No respondió. Tenía los ojos cerrados. Sonreí involuntariamente; sabía que don Juan estaba tentaleando en la oscuridad; sin embargo, había perdido en parte mi ímpetu original de seguirle el juego.
– Yo era un niño flaco -prosiguió-, y siempre tenía miedo.
– También yo -dije.
– Lo que más recuerdo es el terror y la tristeza que se me vinieron encima cuando los soldados yoris mataron a mi madre -dijo suavemente, como si el recuerdo fuera aún doloroso-. Era una india pobre y humilde.
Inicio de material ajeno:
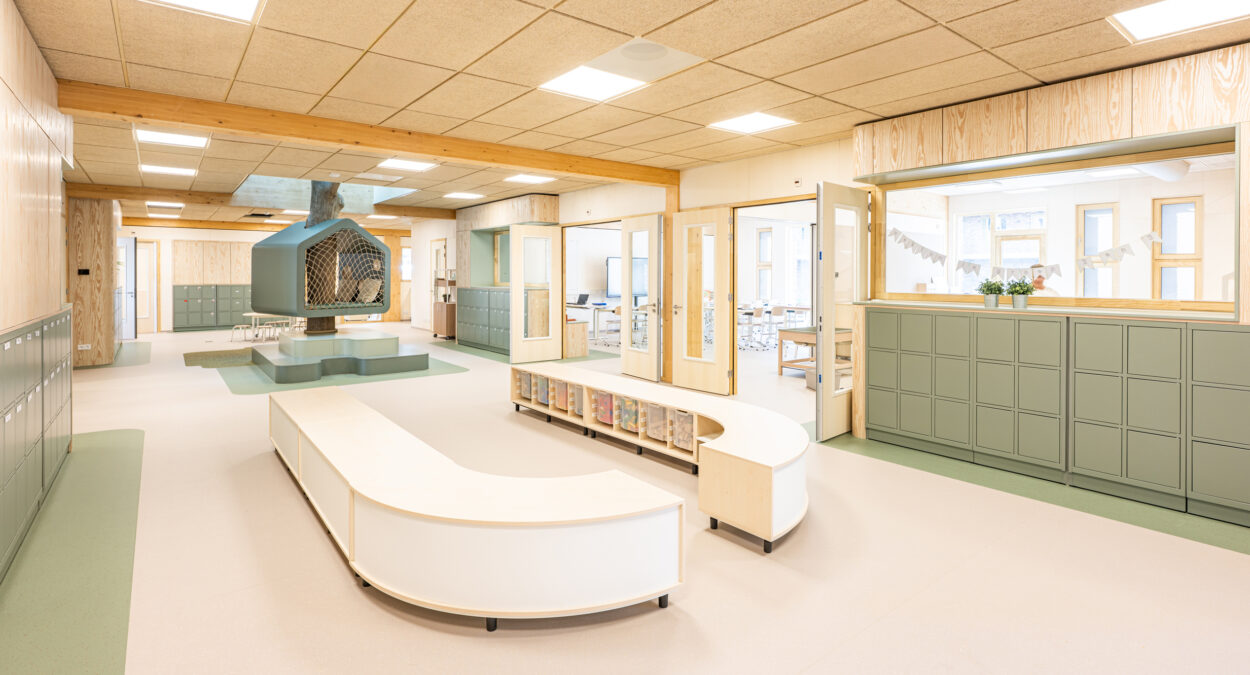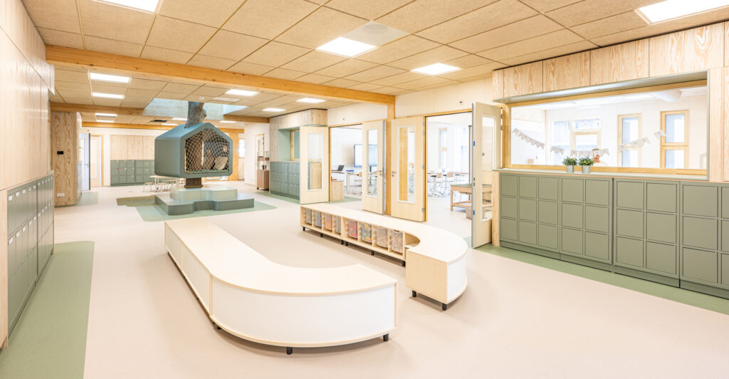 Foto: interieur Kindcentrum Hanzewijk in Kampen – biobased materialen, losmaakbaar ontworpen.

Tal vez fue mejor que su vida se acabara entonces. Yo quería que me mataran con ella, porque era un niño. Pero los soldados me levantaron y me golpearon. Cuando me agarré al cuerpo de mi madre, me rompieron los dedos de un fuetazo. No sentí dolor, pero ya no pude cerrar las manos, y entonces me llevaron a rastras.
Dejó de hablar. Sus ojos seguían cerrados y pude percibir un temblor muy leve en sus labios. Una profunda tristeza empezó a invadirme. Imágenes de mi propia infancia inundaban mi mente.
– ¿Cuántos años tenía usted, don Juan? -pregunté, sólo por disipar mi tristeza.
– Como siete. Era el tiempo de las grandes guerras yaquis. Los soldados yoris nos cayeron de sorpresa mientras mi madre preparaba algo de comer. Era una mujer indefensa. La mataron sin ningún motivo. No tiene nada que ver el que haya muerto así, en realidad no importa, pero para mí sí. No puedo decirme por qué, sin embargo; nada más me importa. Creí que también habían matado a mi padre, pero no. Estaba herido. Luego nos metieron en un tren, como reses, y cerraron la puerta. Días y días nos tuvieron allí en la oscuridad, como animales. Nos mantenían vivos con pedazos de comida que de vez en cuando echaban en el vagón.
"Mi padre murió de sus heridas en ese vagón. En el delirio del dolor y la fiebre me decía y me repetía que yo tenía que vivir. Siguió diciéndome eso hasta el último momento de su vida.
"La gente me cuidaba; me daba comida; una vieja curandera me compuso los huesos rotos de la mano. Y como puedes ver, viví. La vida no ha sido ni buena ni mala conmigo; la vida ha sido dura. La vida es dura, y para un niño es a veces el horror mismo."